Мари серьезно взглянула на графа:

— Вы говорите о мадемуазель Эрио? Да, это она.

— Я желал бы, чтобы боль, которую испытали вы, Мари, десятикратно вернулась к ней.

Слова прозвучали мстительно и жестко, что совсем не свойственно было для Эдуарда. Мари втайне полагала, что та женщина и так несчастна, но разве сейчас это имело какое-то значение? Ей вовсе не хотелось говорить о мадемуазель Эрио. Тон графа де Монтрея ободрил мадемуазель д'Альбон, и вдруг, собравшись с духом, она сказала то, что показалось бы ужасным любой приличной девушке. Впрочем, чувство, которое она испытывала, было таким чистым, что Мари недолго терзалась сомнениями. Совершенно искренне она произнесла:

— Господин граф, я знаю, что вы уедете очень далеко. И я знаю, что вы мне никогда ничего не обещали.

Эдуард молчал. Она добавила:

— Однако поверьте мне, сударь, и не подумайте, будто я бесстыдна. Для меня было бы наивысшим счастьем сопровождать вас, куда бы вас ни послали, всюду быть вам подмогой… сделать так, чтобы там, в Алжире, вы были хоть чуть-чуть счастливы.

— Мари, — прервал он ее, пытаясь обратить всё в шутку, — разве Алжир — это место для счастья? Или место такой прелестной девушки? Разве заслуживаю я подобного удовольствия?

— Не знаю, — честно призналась она. — Конечно, я боюсь. Но, господин де Монтрей, для меня было бы счастьем быть с вами, и в этом я убедилась. Я не ребенок и могу разобраться в своих чувствах.

— Иными словами, — сказал Эдуард, — вы хотите, чтоб я…

Впервые после своего признания она не выдержала и опустила глаза. Было уж слишком трудно сказать: да, я хочу, чтобы вы женились на мне. Это прозвучало бы слишком навязчиво. Она выразилась иначе:

— Господин де Монтрей, если мне придется стать женой кого-то другого, это будет для меня худшим бедствием, чем все возможные невзгоды в Алжире.
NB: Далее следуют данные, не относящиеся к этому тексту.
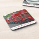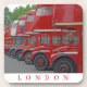 A beautiful photograph of London red buses parked in a row printed on a set of souvenir coasters.

Он не сразу ответил. Именно это молчание и тишина сбивали Мари с толку, и поневоле ее начинал душить стыд. Краснея и отчаянно пытаясь перебороть это чувство, она горячо заговорила:

— Ах, ну вы же знаете, каковы мы, д'Альбоны. Я не кисейная барышня. Вы же видите, раз я решилась на такой разговор, стало быть, я не из тех, кто приличие ставит выше чувств. Вы думаете, я не перенесу Алжира?

— Вы ничем не заслужили таких страданий. Я ценю ваш порыв, но…

Ее серые глаза потемнели:

— Эдуард, я ничего не могу вам дать, кроме своего сердца, но, если вы его примете, никто не полюбит вас сильнее, чем я. Это правда.

Жаль, если… если единственное, что я имею, меня принудят отдать человеку совершенно незначительному, например, господину Монро.

Снова наступило молчание. Мари, не в силах что-то добавить, в растерянности ломала пальцы. Эдуарда тронули ее слова — он вообще ценил поступки, которые шли вразрез с воспитанием и приличиями. Совершив то, что она совершила, мадемуазель д'Альбон стала еще привлекательнее в его глазах, ибо оказалась не банальной. Да и ее желание заботиться о нем выглядело трогательным — ведь он был куда сильнее ее. Честно говоря, на какую-то секунду граф де Монтрей испытал сильнейший соблазн согласиться: да, не любя ее, или любя как-то странно, он действительно захотел получить верное, преданное, любящее сердце, которое всегда будет рядом. Он насилу сдержал себя.

— Мадемуазель, — произнес, он, целуя ее руку, — вы, вероятно, должны обдумать всё еще не раз. Уверен, когда вы подумаете, вы измените свои намерения.

— Значит, вы… — прошептала она с отчаянием.

— Значит, я, Мари, считаю себя не вправе принять такую жертву. Вы ничем не заслужили подобного наказания. Я буду отвратителен сам себе, если стану принимать то, что не заслуживаю. Поверьте, — добавил он с сожалением, — я очень странный, равнодушный и даже жестокий человек. И если, отказывая вам сейчас, я причиняю вам боль, поверьте, согласившись с вами, я причиню вам боль куда большую.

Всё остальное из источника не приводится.